HOW TO COMPLETE THIS TASK:
The data below holds the lines to copy: everything from the line containing "김 지사는 7일 도청" to the line containing "Risto Radunovici (D), de", both ends included, set down exactly.
EXCERPTED RECORDS: Begin
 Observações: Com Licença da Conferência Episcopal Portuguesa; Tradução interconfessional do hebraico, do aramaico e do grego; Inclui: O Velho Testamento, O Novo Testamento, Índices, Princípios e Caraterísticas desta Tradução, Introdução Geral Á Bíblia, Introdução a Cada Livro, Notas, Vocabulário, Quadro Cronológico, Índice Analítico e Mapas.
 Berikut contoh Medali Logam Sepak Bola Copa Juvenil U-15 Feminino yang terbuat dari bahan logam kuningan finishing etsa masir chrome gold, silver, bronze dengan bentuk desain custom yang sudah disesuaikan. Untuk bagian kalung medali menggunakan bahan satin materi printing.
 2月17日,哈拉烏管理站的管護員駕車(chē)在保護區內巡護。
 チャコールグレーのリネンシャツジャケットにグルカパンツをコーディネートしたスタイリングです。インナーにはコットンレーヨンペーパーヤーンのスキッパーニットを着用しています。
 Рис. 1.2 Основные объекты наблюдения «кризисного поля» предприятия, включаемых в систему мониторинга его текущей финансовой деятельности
EXCERPTED RECORDS: End
EXCERPTED RECORDS: Begin
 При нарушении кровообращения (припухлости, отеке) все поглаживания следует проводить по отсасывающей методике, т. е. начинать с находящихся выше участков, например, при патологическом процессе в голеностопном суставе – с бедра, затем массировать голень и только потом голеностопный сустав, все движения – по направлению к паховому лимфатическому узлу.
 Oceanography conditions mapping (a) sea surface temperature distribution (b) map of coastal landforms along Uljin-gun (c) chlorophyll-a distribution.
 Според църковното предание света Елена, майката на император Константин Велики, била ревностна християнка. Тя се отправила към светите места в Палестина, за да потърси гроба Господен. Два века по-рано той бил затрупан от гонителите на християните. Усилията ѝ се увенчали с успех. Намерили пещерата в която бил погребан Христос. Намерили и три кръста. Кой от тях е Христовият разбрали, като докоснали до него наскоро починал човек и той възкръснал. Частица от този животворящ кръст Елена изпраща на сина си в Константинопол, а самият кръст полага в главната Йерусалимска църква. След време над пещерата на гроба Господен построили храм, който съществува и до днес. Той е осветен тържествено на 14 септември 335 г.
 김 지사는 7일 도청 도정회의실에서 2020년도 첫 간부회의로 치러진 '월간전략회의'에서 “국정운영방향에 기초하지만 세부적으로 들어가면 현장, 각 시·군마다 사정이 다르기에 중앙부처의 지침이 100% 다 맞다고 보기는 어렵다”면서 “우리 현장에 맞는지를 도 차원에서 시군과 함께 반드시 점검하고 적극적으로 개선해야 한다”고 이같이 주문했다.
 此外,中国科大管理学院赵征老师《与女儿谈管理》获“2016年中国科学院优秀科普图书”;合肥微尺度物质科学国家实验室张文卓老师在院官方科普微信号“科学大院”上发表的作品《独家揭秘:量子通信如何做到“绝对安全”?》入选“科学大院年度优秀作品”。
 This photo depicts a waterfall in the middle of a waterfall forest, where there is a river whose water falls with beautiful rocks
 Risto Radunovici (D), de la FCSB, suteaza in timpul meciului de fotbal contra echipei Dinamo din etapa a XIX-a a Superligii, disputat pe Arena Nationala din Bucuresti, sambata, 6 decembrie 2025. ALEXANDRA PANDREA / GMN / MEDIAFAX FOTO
EXCERPTED RECORDS: End
OUTPUT FOR THIS TASK:
 김 지사는 7일 도청 도정회의실에서 2020년도 첫 간부회의로 치러진 '월간전략회의'에서 “국정운영방향에 기초하지만 세부적으로 들어가면 현장, 각 시·군마다 사정이 다르기에 중앙부처의 지침이 100% 다 맞다고 보기는 어렵다”면서 “우리 현장에 맞는지를 도 차원에서 시군과 함께 반드시 점검하고 적극적으로 개선해야 한다”고 이같이 주문했다.
 此外,中国科大管理学院赵征老师《与女儿谈管理》获“2016年中国科学院优秀科普图书”;合肥微尺度物质科学国家实验室张文卓老师在院官方科普微信号“科学大院”上发表的作品《独家揭秘:量子通信如何做到“绝对安全”?》入选“科学大院年度优秀作品”。
 This photo depicts a waterfall in the middle of a waterfall forest, where there is a river whose water falls with beautiful rocks
 Risto Radunovici (D), de la FCSB, suteaza in timpul meciului de fotbal contra echipei Dinamo din etapa a XIX-a a Superligii, disputat pe Arena Nationala din Bucuresti, sambata, 6 decembrie 2025. ALEXANDRA PANDREA / GMN / MEDIAFAX FOTO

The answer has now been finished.